--- Exercise instructions ---
For the records below, please print exactly and only the lines from the one with "Adaptador de Ranura" down to the one with "Soldan sağa krallar", both ends included, omitting the pictures.

--- Supplied information ---
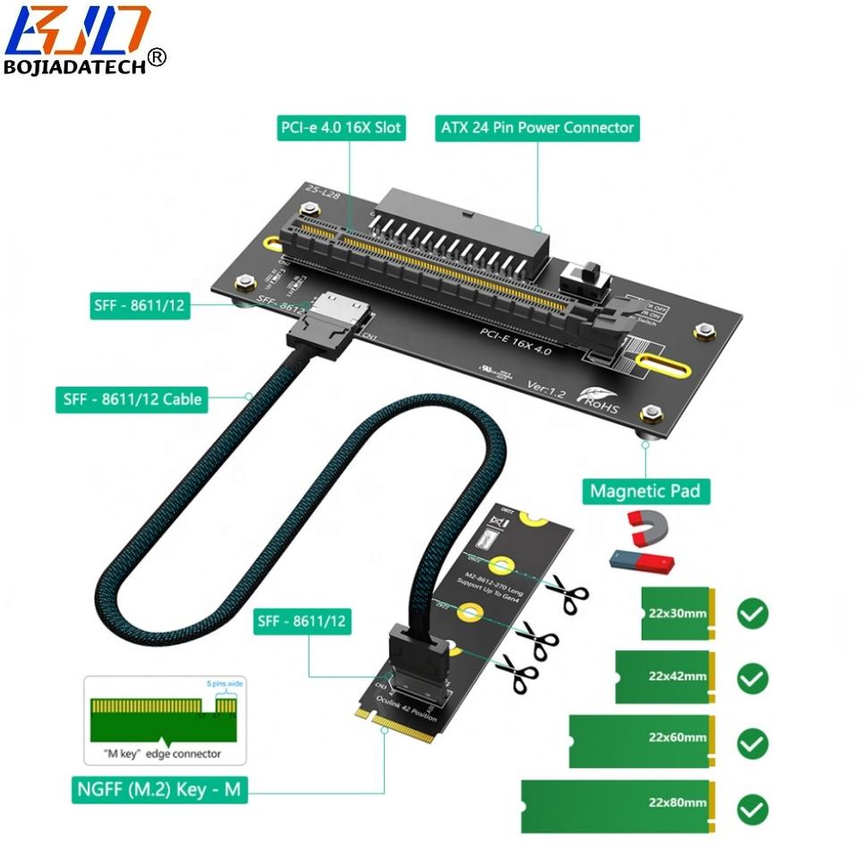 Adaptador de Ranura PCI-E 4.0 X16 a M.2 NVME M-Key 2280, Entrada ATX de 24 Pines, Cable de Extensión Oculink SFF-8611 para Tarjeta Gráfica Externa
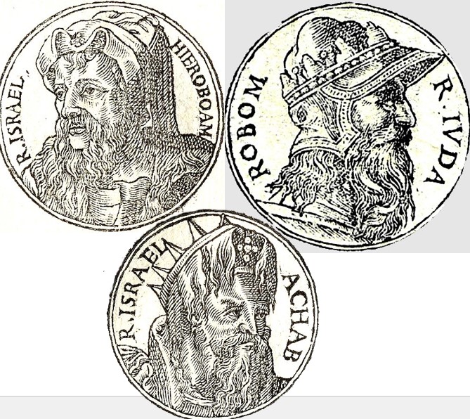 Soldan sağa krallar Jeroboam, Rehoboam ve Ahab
...
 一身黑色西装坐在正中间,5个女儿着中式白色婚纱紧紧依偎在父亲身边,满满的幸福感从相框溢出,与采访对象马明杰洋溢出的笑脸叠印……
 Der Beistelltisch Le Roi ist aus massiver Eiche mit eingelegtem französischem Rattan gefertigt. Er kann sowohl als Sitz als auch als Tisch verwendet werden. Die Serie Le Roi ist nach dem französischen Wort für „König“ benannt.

--- Exercise output ---
 Adaptador de Ranura PCI-E 4.0 X16 a M.2 NVME M-Key 2280, Entrada ATX de 24 Pines, Cable de Extensión Oculink SFF-8611 para Tarjeta Gráfica Externa
 Soldan sağa krallar Jeroboam, Rehoboam ve Ahab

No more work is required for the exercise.